Tweaking TCP Parameters
Another optimization we can do in the CDN platform is to tweak the TCP parameters. For instance, we can increase the congestion window, which is particularly useful when the latency is high. Thanks to this we can improve download times even when the file isn't cached already.
Shielding
We mentioned that caches are located close to users, which means that the cache that a user in Cape Town would utilize isn't the same as a user in Paris would. A direct implication of this is that a user in Paris can't benefit from content cached in another location.
This is true up to a certain extent. We utilize a technique called “shielding” which allows us to use a location close to the origin as a sort of “global” cache. With shielding, a cache that doesn't have a copy of the file that is needed will query the shield location instead of the origin. This way you can still reduce the load of your origin and improve your users' experience.
Sheilding Explained
Performance Metrics
To showcase our CDN integration we are going to perform three simple tests:
- We are going to download a public image (~150kB)
- We are going to download a private image (~150kB)
- We are going to download a private large file (45MB)
To make things more interesting we are going to deploy a Nhost app in Singapore while the client is going to be located in Stockholm, Sweden, adding to a latency of ~200ms.

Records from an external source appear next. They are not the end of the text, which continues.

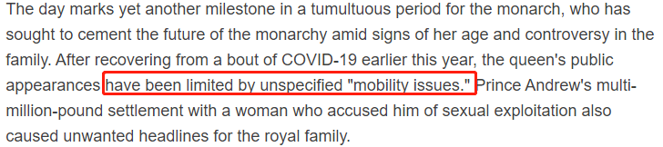 一些媒体指出,由于未详细说明病因导致的行动不便,英国女王公开行程已被从最大程度的缩短。
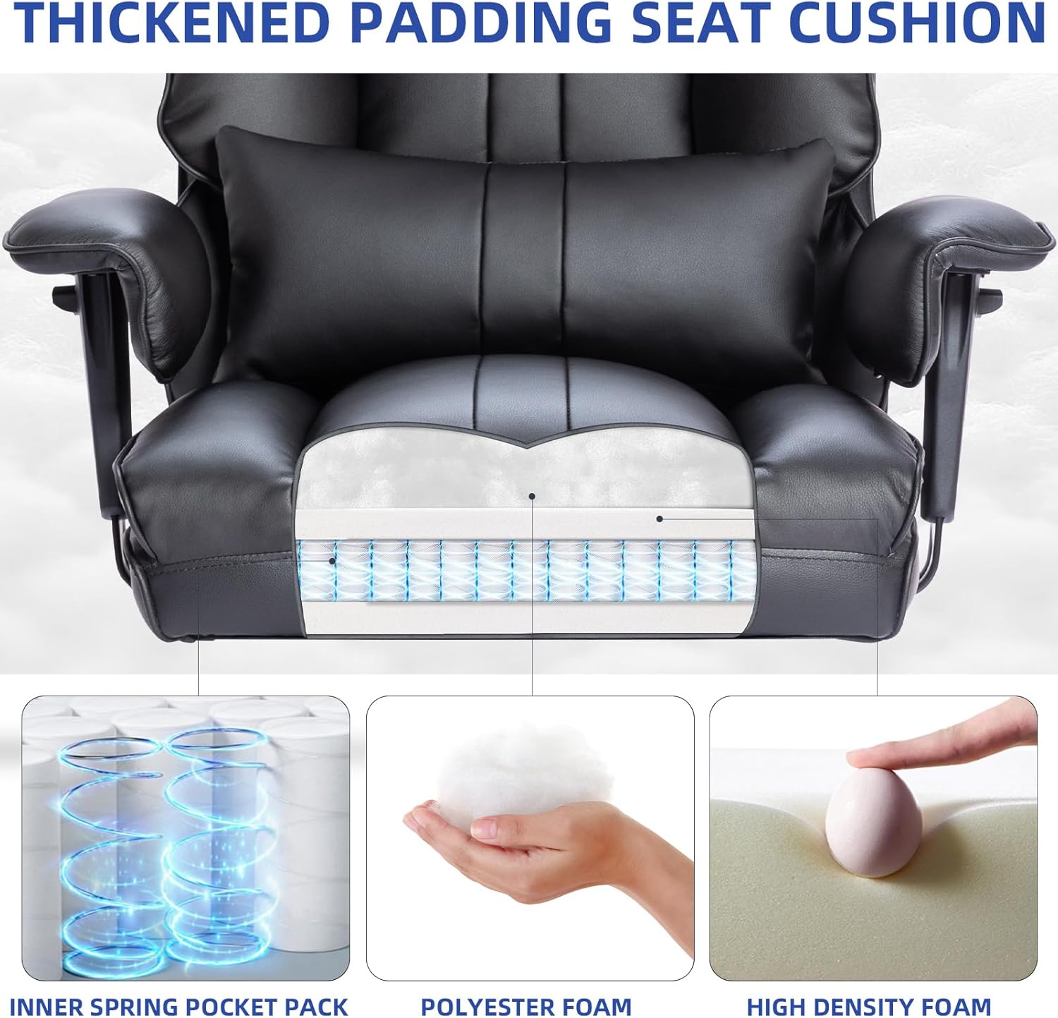 - ๐ช๐๐๐๐๐๐๐๐๐๐: Big and tall office chair features scratch-resistant PU leather. Task chair is easy to maintain. Big high back office chair filled with double-layer polyester foam and sponge seat and backrest provide unmatched comfort for all-day sitting.
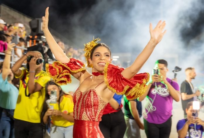 Con un estallido de color y ritmo, la Reina del Carnaval de la 44, Alexsandra Estarita Villa, marcó la pauta en el Show Inaugural de la Copa Mundial Femenina de Fútbol de Amputados.
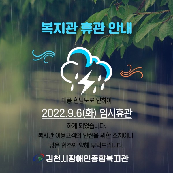 임시휴관 안내 게시글 작성정보 작성자 김천시장애인복지관 작성일 22-09-05 15:54 조회수 1,842 댓글수 0 목록 게시글 본문 첨부파일 1개 제목을 입력하세요.jpg (740.9K) 57회 다운로드 첨부일시 : 2022-09-05 16:15:46 이전글 2022년 제4차 운영위원회 결과보고 22-09-16 다음글 2022년 제2회 발달장애인주간활동서비스 제공인력 합격자 공고 및 임용 등록 안내 22-07-29 댓글 0 등록된 댓글이 없습니다. 목록
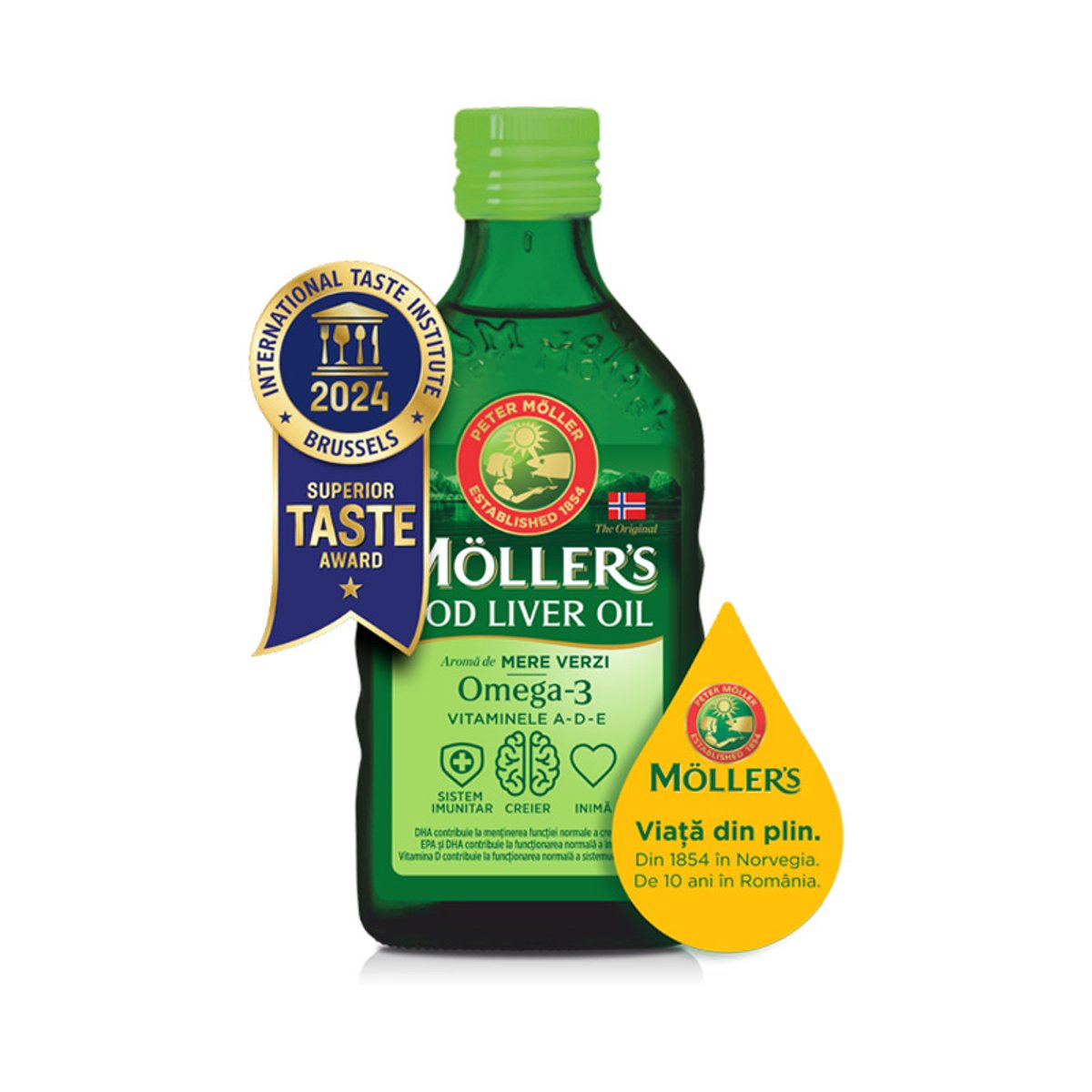 Moller?s este uleiul de ficat de cod norvegian original, brevetat de farmacistul Peter Moller in 1854, contribuind la mentinerea sanatatii generatii de-a randul. Moller?s Cod Liver Oil, este sursa naturala de Omega-3 provenit din cod salbatic, capturat responsabil din cele mai pure ape reci arctice norvegiene la Lofoten si Vester?len. Ajuta la mentinerea sanatatii! 1 lingurita (5 ml) de ulei de ficat de cod MOLLER?S cu aroma de mere verzi contine 1,2 g acizi grasi naturali Omega-3 din peste (DHA + EPA) si vitaminele A, D (400 UI) si E. Pentru copii de peste 11 ani si adulti se recomanda 10ml/zi, asigurand 2,4 g (2400 mg) acizi grasi naturali Omega-3 din peste (DHA + EPA) si vitaminele A, D (800 UI) si E. EPA si DHA contribuie la functionarea normala a inimii*. DHA contribuie la mentinerea vederii normale si a functiei normale a creierului**. Vitamina D contribuie la functionarea normala a sistemului imunitar si la mentinerea sanatatii sistemului osos si a dintilor. Vitamina A contribuie la functionarea normala a inimii si a sistemului imunitar, la mentinerea vederii normale si la mentinerea sanatatii pielii si a membranelor mucoase Vitamina E contribuie la protejarea celulelor impotriva stresului oxidativ. Pentru o dezvoltare completa, fiecare picatura conteaza! Uleiul de ficat de cod Moller?s contine in special DHA. Este dovedit clinic ca DHA contribuie la dezvoltarea cerebrala normala si a vederii. Vitamina D ajuta la absorbtia si utilizarea normala a calciului, contribuind astfel la mentinerea unui sistem osos normal. * efectul benefic se obtine in conditiile unui consum zilnic de 250 mg EPA si DHA ** efectul benefic se obtine in conditiile unui consum zilnic de 250 mg DHA Doze si mod de administrare Copii: 5 ml/zi Copii de peste 11 ani si adulti: 10 ml/zi Conform recomandarii producatorului, uleiul de ficat de cod se poate folosi in siguranta in timpul sarcinii si al alaptarii. Compozitie/5 ml. Ulei de ficat de cod 4.6 g Acizi grasi Omega-3 1.2 g - DHA (acid docosahexaenoic) 0.6 g - EPA (acid eicosapentaenoic) 0.4 g Vitamina D 10 ?g - 400 UI (200%*) Vitamina A 250 ?g ? 833 UI (31%*) Vitamina E 3 mg ? 3,3 UI (25%*) *Valoare Nutritionala de Referinta conform Regulament 1169/2011 Dupa deschidere, a se pastra la frigider si a se consuma in maximum 3 luni.
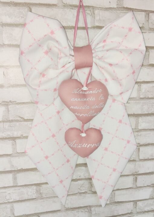 Fiocco nascita realizzato in delicato piquet fantasia rosa ,abbinato a morbido cotone color rosa antico, perfetto per annunciare con dolcezza e tenerezza l’arrivo della sorellina .Il design elegante e armonioso unisce fantasie delicate a tonalità raffinate, creando un effetto romantico e senza tempo. Ideale da appendere alla porta di casa o nella cameretta, dona un tocco accogliente e speciale per celebrare un momento unico. .Dimensioni
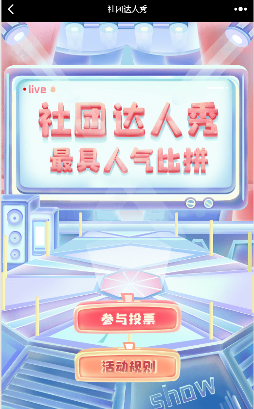 此项目为2019年社团达人秀的投票页面,运行于微信浏览器。于2019.11.28正式上线,总计上线时间为三天。
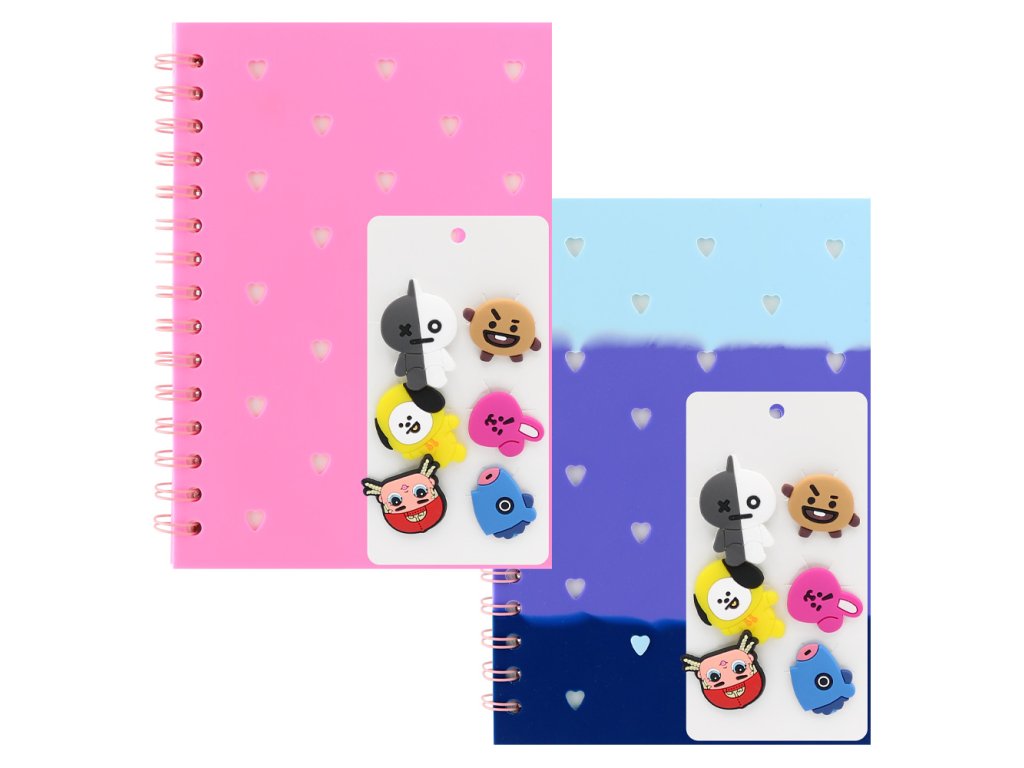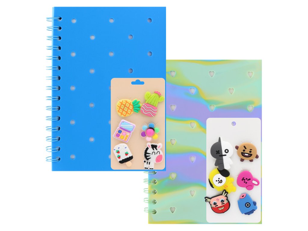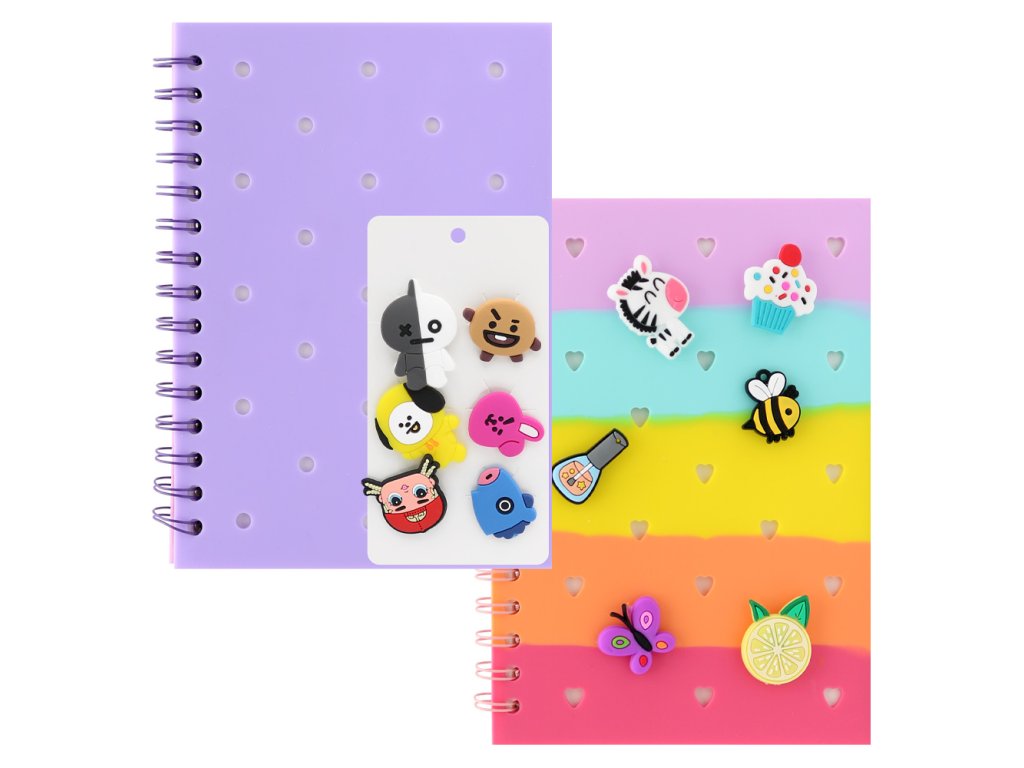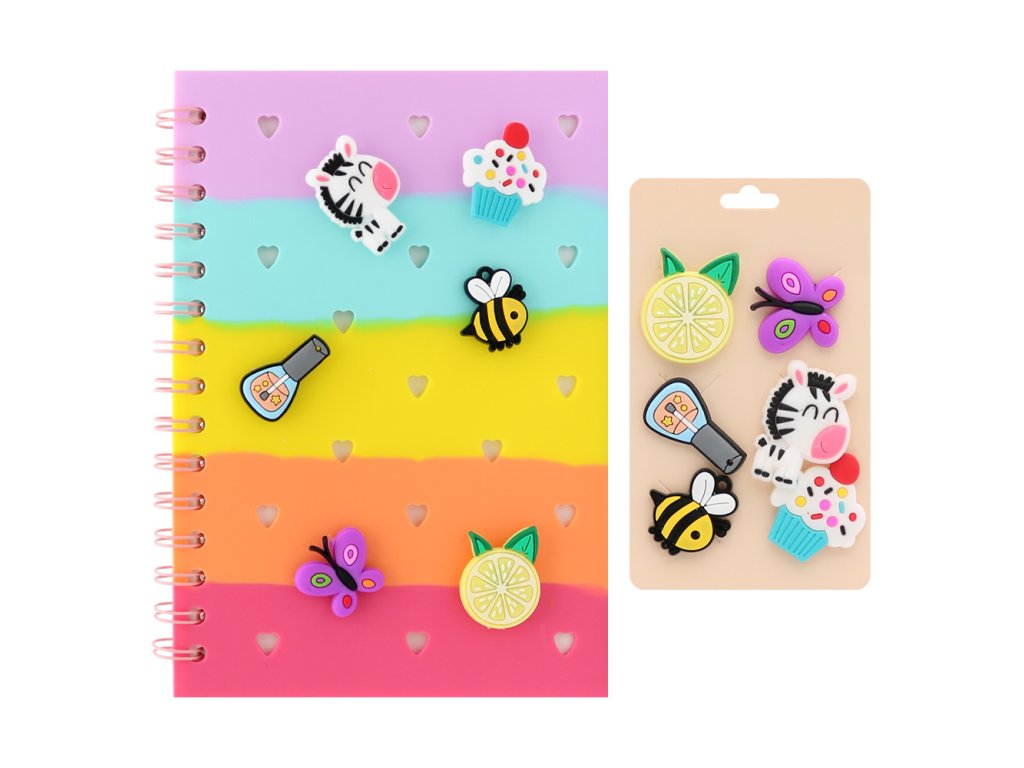 Poznámkový blok se spirálou a přibalenými amuletami pro vlastní ozdobení obálky (mix 6 designů).
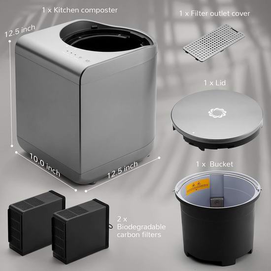 这款食物堆肥机通过干燥和研磨,将食物残渣和厨房垃圾转化为粉末。您可以将这种粉末用作植物肥料,也可以将其丢弃,以减少垃圾的体积和气味。内置SHARKSDEN 三重刀片锋利如鲨鱼牙齿,配合将食物残渣推入刀片的搅拌机,它可以从多个方向粉碎大量食物。容量2.5升,一键操作,只需轻轻一按,即可同时处理多种不同类型的垃圾。桶身采用铸铝材质,易于清洁,并可用洗碗机清洗。可生物降解的活性炭过滤器能够有效减少异味,并有助于在两次堆肥循环之间防止异味产生。
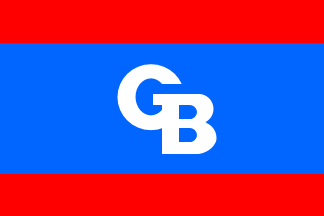 Shown as a drawing on the website, the house flag(oid) is blue with narrow red stripes horizontally edging the field; white combined - and partly overlapping - initials "GB" appear in the centre, the first letter higher. This design also appears on funnels.
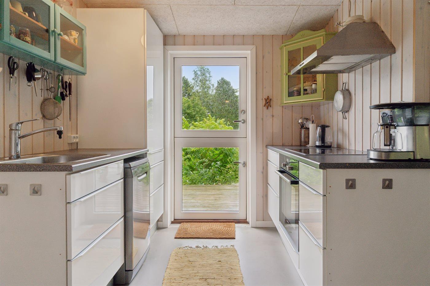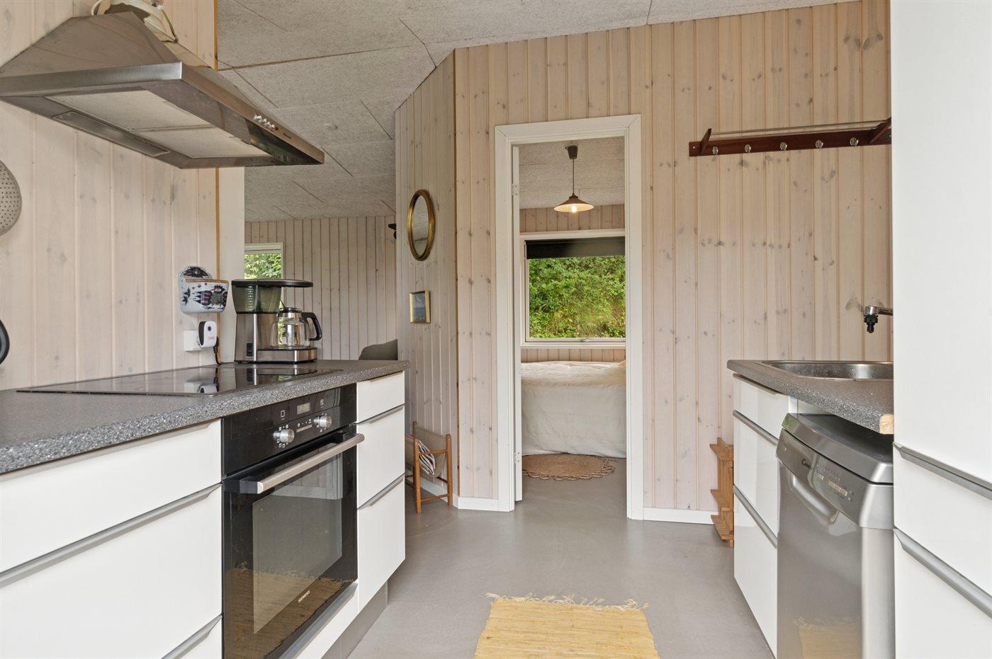 Køkkenet er udstyret med 1 køleskab. Der er 4 keramiske kogeplader, varmluftovn samt opvaskemaskine.

As you can see in the graph below even when the content isn't cached (miss), we experience a significant improvement in download times; downloading the images is done in less than half the time, and downloading the large file takes 30% less time. This is thanks to the TCP tweaks we can apply to the CDN platform
Improvements are more dramatic when the object is already cached, then we see we can get the public image in just 21ms compared to the 2.19s that took to get the file directly from Nhost Storage. Downloading the private image goes down from 2.07s to 403ms, which makes sense as the latency is ~200ms and we need to go back and forth to the origin to ask it to authenticate the user and get back the response before we can serve the object.
CDN Performance Metrics
Did you build a CDN network?
No, we didn't. We are leveraging Fastly's expertise for that so you get to benefit from their large infrastructure while we get to enjoy their high degree of flexibility to tailor the service to your needs.
Conclusion
Integrating a CDN with a service like Nhost Storage isn't an easy task but by doing so we have increased all metrics allowing you to serve content faster and giving your users a better experience when using your services no matter where your users are.